A streaming or even recorded live performance from your favorite artist is a wonderful thing. It makes you feel connected to the artist, gives you an up-close view of their abilities, possibly a preview of songs-in-progress, and might reveal a glimpse of their personal lives. We’ve even seen events where an artist solicits requests from the attending audience via chat, providing instant feedback and getting the participants more involved.

As attractive as that might sound to musicians and crew who are weary of touring, it’s not likely that streaming performances will replace live performances anytime soon. While an online performance like the Living Room Concert for America is indeed an event, it’s an event that’s way different from being in a room with 500, 3,000 or 10,000 people who feel the same way you do about a certain type of music, or are coming together for a common cause (as was the case last night).
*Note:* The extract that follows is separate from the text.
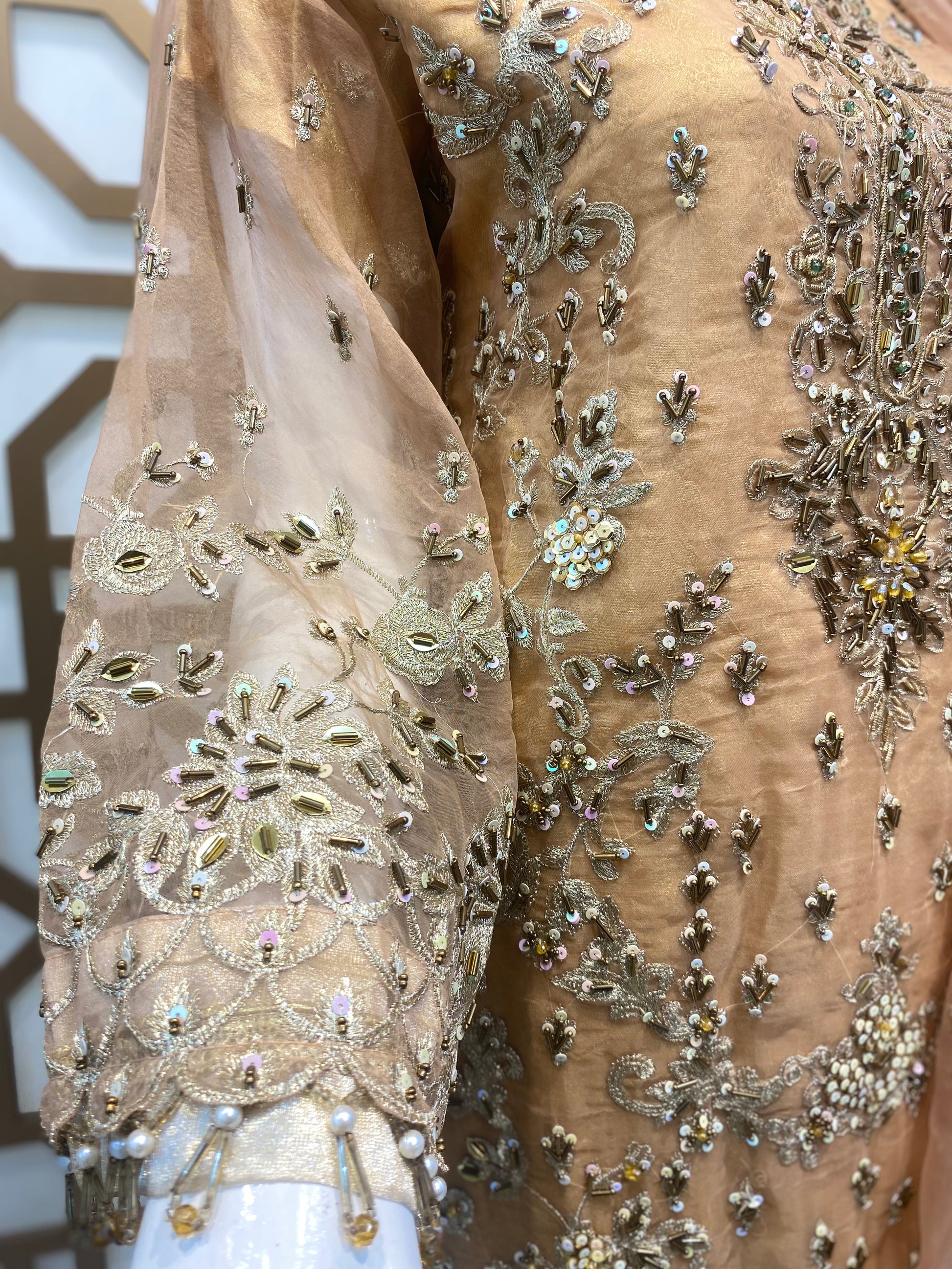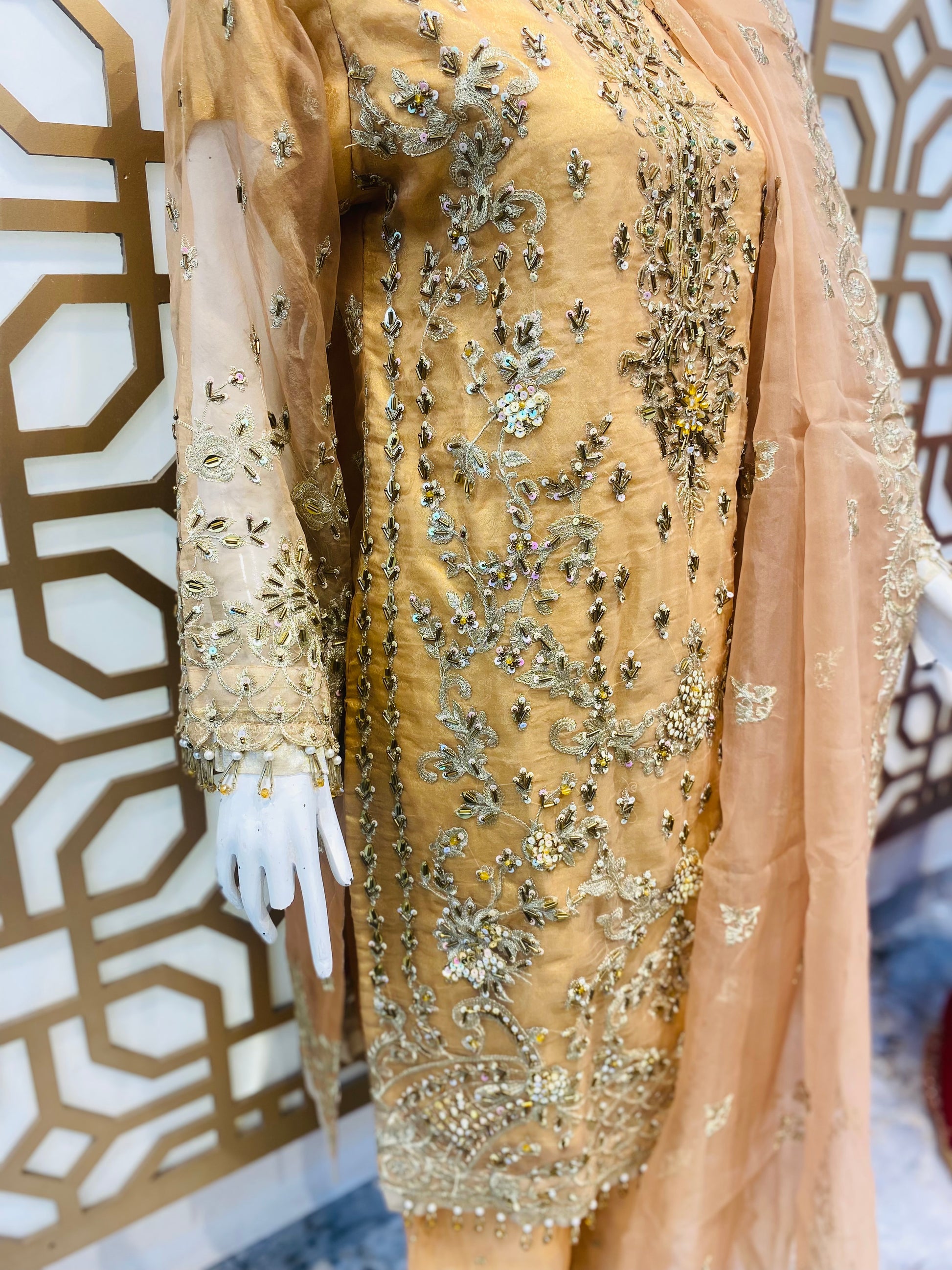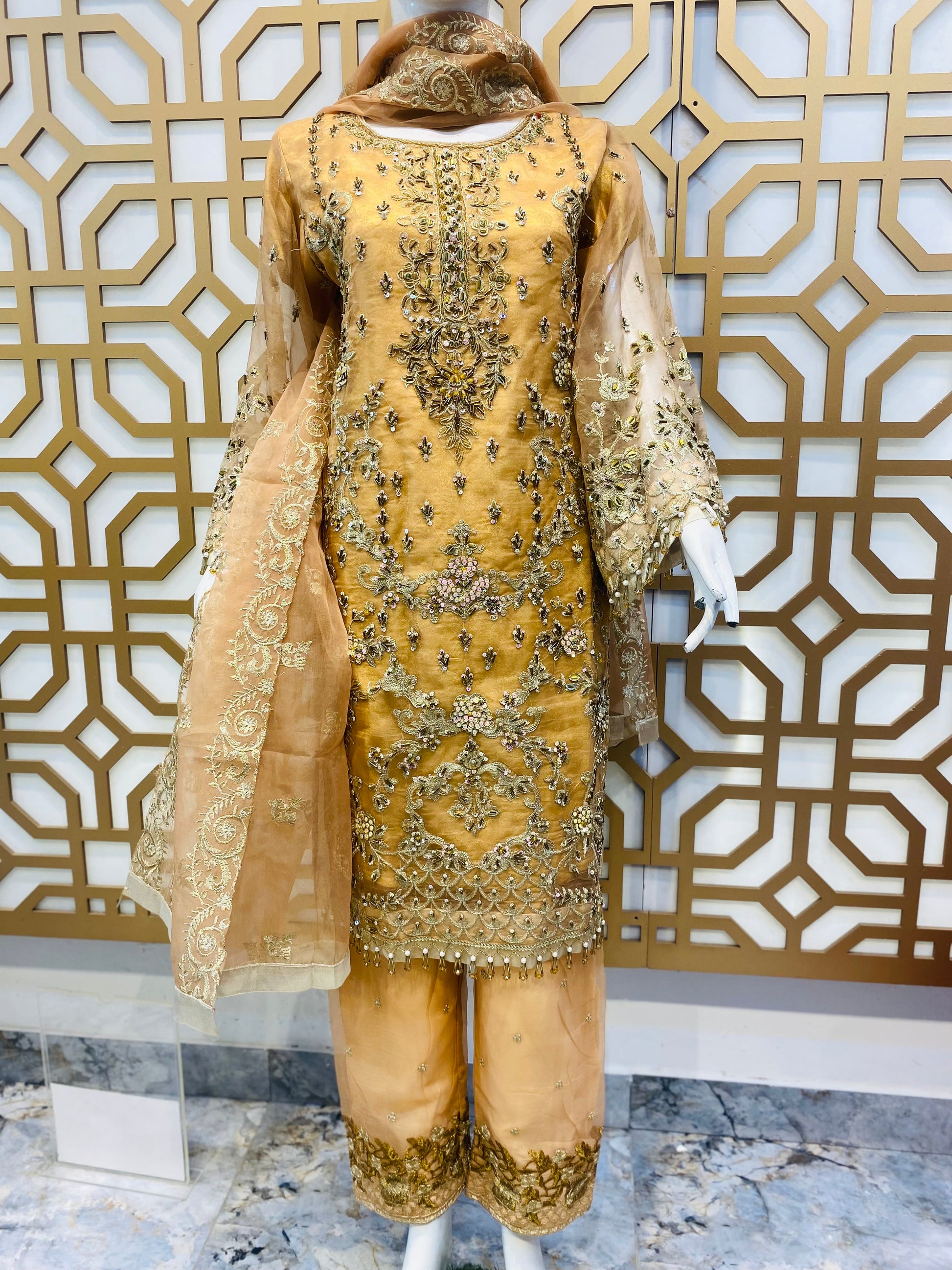 A stunning three-piece suit designed with full intricate embroidery, making it a true statement of elegance. The richly adorned shirt is paired with matching trousers and a graceful dupatta, creating a complete formal look. Perfect for weddings, parties, and festive gatherings, this ensemble blends traditional craftsmanship with timeless sophistication.

There’s no substitute for the give-and-take energy between performer and audience, that mystical connection that happens when a performer sings a song in-person like they’re speaking to you—because they are.

I remember being in a media class in school many years ago when one of the students raised the idea of whether or not home video recorders would replace movie theaters (some of us may remember the famous “Betamax” case from the 1970s).

The professor, whose name escapes me, felt that this was not likely to happen for several reasons. One was that going out to a movie is a cheap date, and broke youngsters will always need that. For the most part, movies don’t premiere on a home video system, though that has changed recently. Another reason—one that parallels the concert industry—is that viewing a movie at home is not an event. As is the case with a live concert, you only get the full impact by physically being in the venue where you experience the scope of the event—including the lighting, the effects and the audio system. That’s what makes live music special.